Māori Party appoint Bentham Ohia as Vice-President (Tāne)

The Māori Party has announced Bentham Ohia as their Vice-President (Tāne), following the resignation of Hon Te Ururoa Flavell in August 2018.

“Bentham is a pivotal addition to our team. He is a kaupapa-driven whānau man, with a strong reputation of service to our communities. He is also a long-time supporter of the Party and we are excited to have him on board” says Māori Party President Che Wilson.

Bentham worked for Te Wānanga o Aotearoa for 20 years as Deputy Chief Executive Officer and then Chief Executive Officer. He is currently the President of Advancement of Māori Opportunity AMO and a board member of Americans for Indian Opportunity AIO. Bentham completed his MBA at the University of Waikato following a period tutoring in te reo Māori at the University of Otago and teaching at Te Wharekura o Rakaumangamanga in Huntly. In 2010 he was awarded the Te Arikinui Te Atairangikaahu Lifetime achievement award from the University of Waikato.

“We love the long term outlook Bentham promotes. At the 40th anniversary of the Ngāti Rārua Ātiawa Iwi Trust, Bentham spoke passionately about the whānau transformation project they established in 2014 (“no whanau left behind”) in preparation for 2033. That’s the type of focus that we know will be so helpful in consolidating our strategy moving forward” said Che Wilson.

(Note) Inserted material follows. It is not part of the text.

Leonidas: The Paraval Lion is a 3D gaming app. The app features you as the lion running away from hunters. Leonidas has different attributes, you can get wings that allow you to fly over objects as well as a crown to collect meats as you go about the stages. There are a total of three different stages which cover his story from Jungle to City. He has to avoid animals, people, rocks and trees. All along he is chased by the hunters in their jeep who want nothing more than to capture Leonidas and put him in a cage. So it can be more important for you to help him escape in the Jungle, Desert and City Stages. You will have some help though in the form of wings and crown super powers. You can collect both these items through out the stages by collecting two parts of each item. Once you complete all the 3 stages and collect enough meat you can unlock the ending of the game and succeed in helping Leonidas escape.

“It is a privilege for me and my whānau to be appointed to this role. My late father Dr Monte Ohia was a founding member of the Māori Party and I want to carry on his legacy” says Bentham Ohia.

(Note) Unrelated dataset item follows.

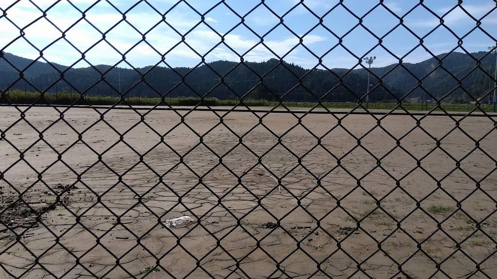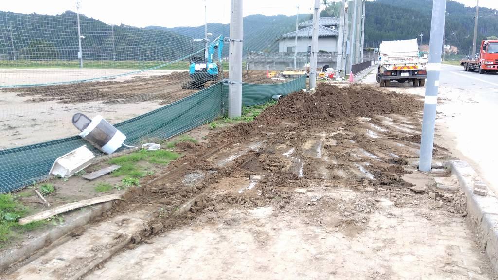 町野町(まちのちょう)に入りました。広大なグラウンドの泥掃き開始

Bentham is currently a Director of Puata Hou Trust, a whānau business he operates with his wife Kate Cherrington; and is also the Lead Lecturer for the University of Canterbury Masters in Māori and Indigenous Leadership programme. They have two children; Tuakoi and Tahuaroa and have been blessed to care for many whāngai.

Bentham is of Ngāi Te Rangi, Ngāti Pūkenga, Ngāti Ranginui, Ngāti Te Roro o Te Rangi (Te Arawa), Te Āti Awa, and Ngāti Rārua descent.